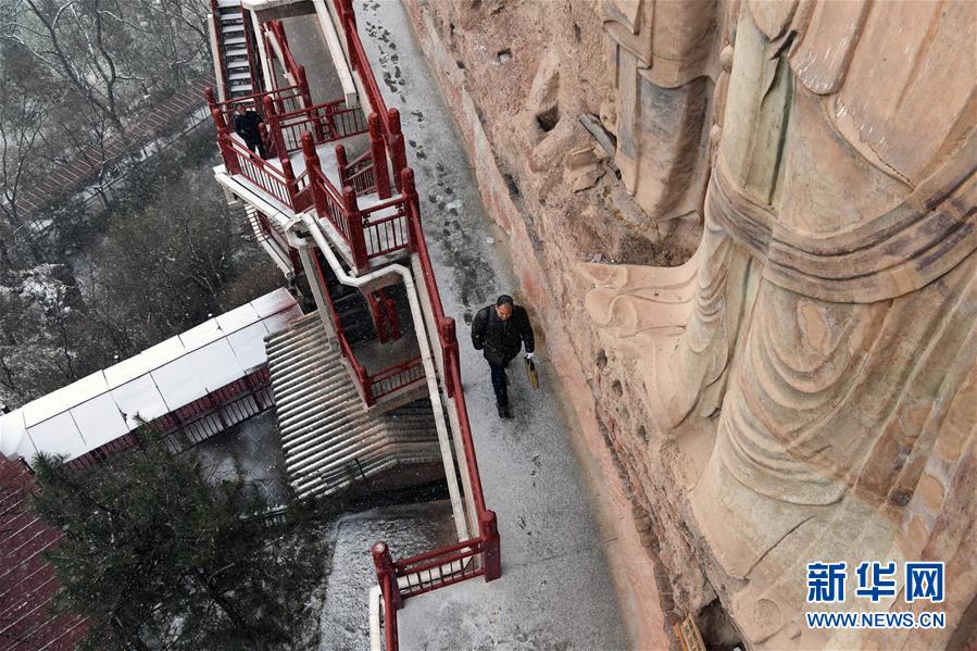 12月25日,在麦积山石窟,修复师牟常有走出石窟准备吃午饭。新华社记者马宁摄
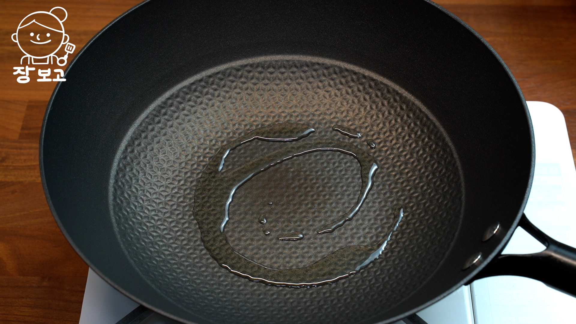 4. 웍에 식용유 3큰술 넣고 우엉을 넣어 중불에서 3분간 볶는다. 우엉 숨이 죽으면 원당 1큰술 넣고 3분 볶는다. (*원당은 비정제설탕이다. 원당이 없으면 설탕 사용)
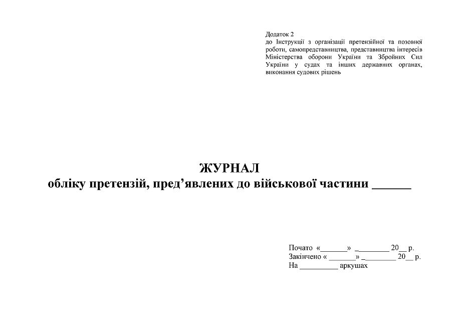 Журнал обліку претензій пред’явлених ДО ВЧ.
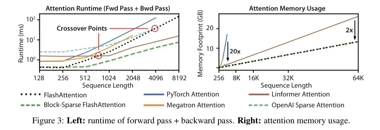 - 왼쪽 그림을 보면, flash attention이 FLOPs 수가 더 많음에도 Standard attention보다 3배 이상 빠른 실행시간을 보여주는 것을 알 수 있다.
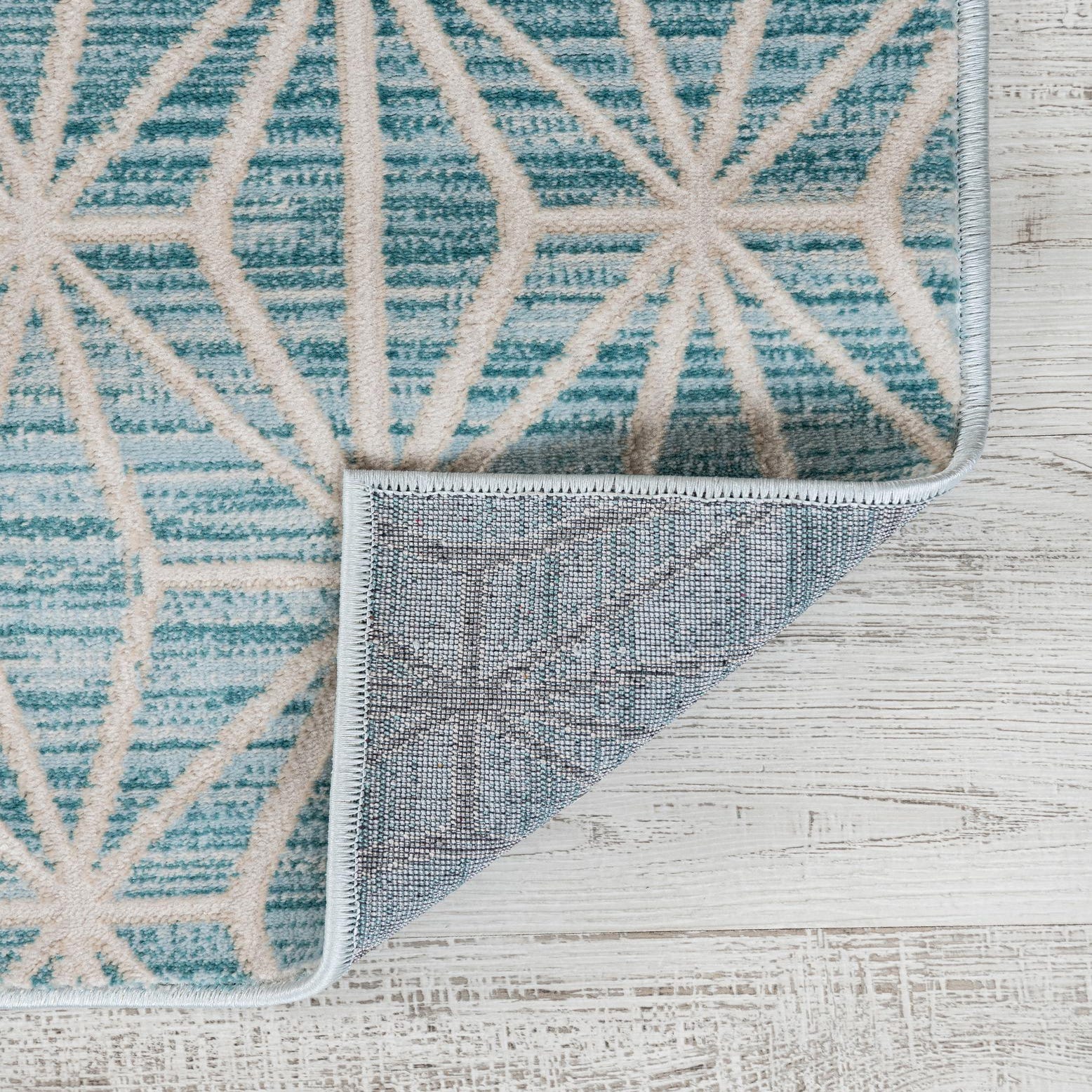 The distinct geometric motif of this runner offers a modern touch, suitable for various interior design settings. The blue and ivory color combination provides a soothing palette that can effortlessly integrate with both contemporary and traditional decors. The rug can serve as a subtle yet impactful accent piece in minimalistic spaces or can complement more eclectic styles with its clean lines and gentle hues.

• • • • •

TASK REQUIREMENTS — Are you able to set down all the lines above exactly, without any pictures?

PROBLEM SOLUTION —
 12月25日,在麦积山石窟,修复师牟常有走出石窟准备吃午饭。新华社记者马宁摄
 4. 웍에 식용유 3큰술 넣고 우엉을 넣어 중불에서 3분간 볶는다. 우엉 숨이 죽으면 원당 1큰술 넣고 3분 볶는다. (*원당은 비정제설탕이다. 원당이 없으면 설탕 사용)
 Журнал обліку претензій пред’явлених ДО ВЧ.
 - 왼쪽 그림을 보면, flash attention이 FLOPs 수가 더 많음에도 Standard attention보다 3배 이상 빠른 실행시간을 보여주는 것을 알 수 있다.
 The distinct geometric motif of this runner offers a modern touch, suitable for various interior design settings. The blue and ivory color combination provides a soothing palette that can effortlessly integrate with both contemporary and traditional decors. The rug can serve as a subtle yet impactful accent piece in minimalistic spaces or can complement more eclectic styles with its clean lines and gentle hues.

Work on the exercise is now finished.